Google is developing its own version of OpenSSL that will be more appropriate for its own software products, which have been using the critical encryption component for years with customized patches.
The project, tentatively dubbed "BoringSSL," isn't designed to replace OpenSSL, wrote Adam Langley, a Google software engineer, on his personal blog. Google will contribute its changes to the OpenSSL open-source project and use bug fixes from that team, he wrote.
OpenSSL is widely used software code that encrypts content between a client and a server. OpenSSL's code is undergoing a close examination after a vulnerability nicknamed "Heartbleed" was disclosed on April 7 that could potentially allow hackers to steal data or compromise the encrypted connection.
Google has developed its own patches for OpenSSL, but those patches weren't always compatible with APIs (application programming interfaces) and ABIs (application binary interfaces), Langely wrote.
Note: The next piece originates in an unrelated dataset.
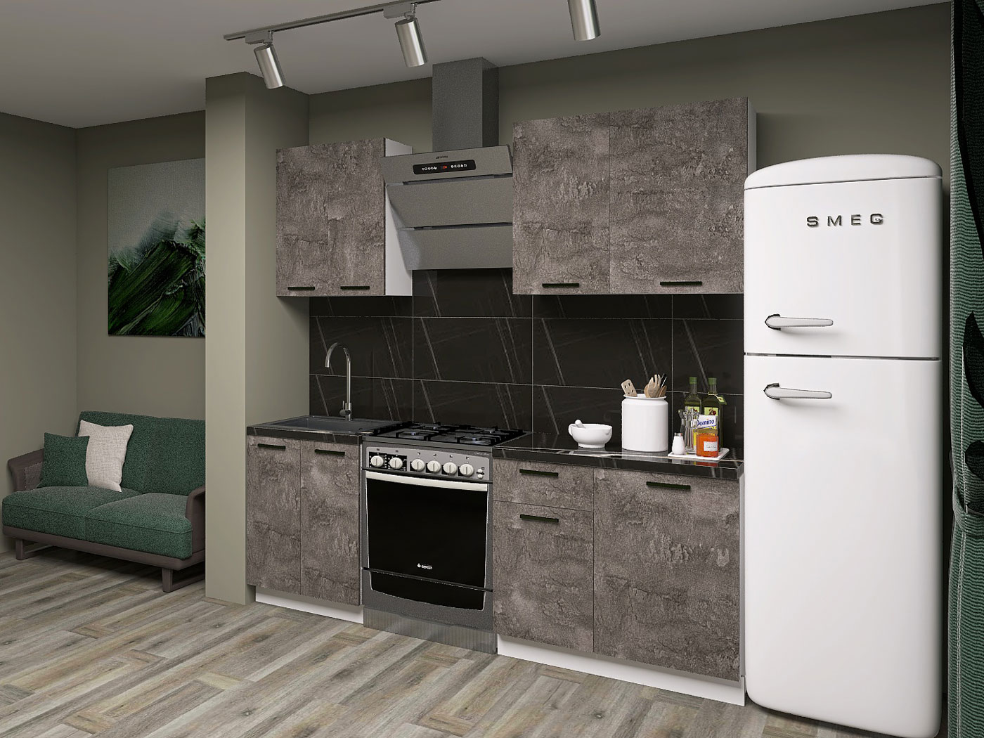 Кухонный гарнитур Модус 150 см Белый / Камень темный

Products such as Android and Chrome have needed subsets of those patches, and now there are as many as 70 patches across multiple code bases which has become too complex, Langley wrote.
"So we're switching models to one where we import changes from OpenSSL rather than rebasing on top of them," he wrote. "The result of that will start to appear in the Chromium repository soon and, over time, we hope to use it in Android and internally too."
Google's version of OpenSSL still won't necessarily support the APIs and ABIs in OpenSSL, he wrote.
The company will also incorporate code changes from LibreSSL, a fork of OpenSSL started after the Heartbleed by some developers dissatisfied with OpenSSL. LibreSSL has undertaken a large project examining OpenSSL's code for flaws and making improvements.
Concern was raised following the Heartbleed flaw about the dependence of many operating systems and software products on OpenSSL and the relative little funding behind the project. Since then, major technology companies launched the Core Infrastructure Initiative, which is aimed at shoring up underfunded open-source projects and employing full-time developers.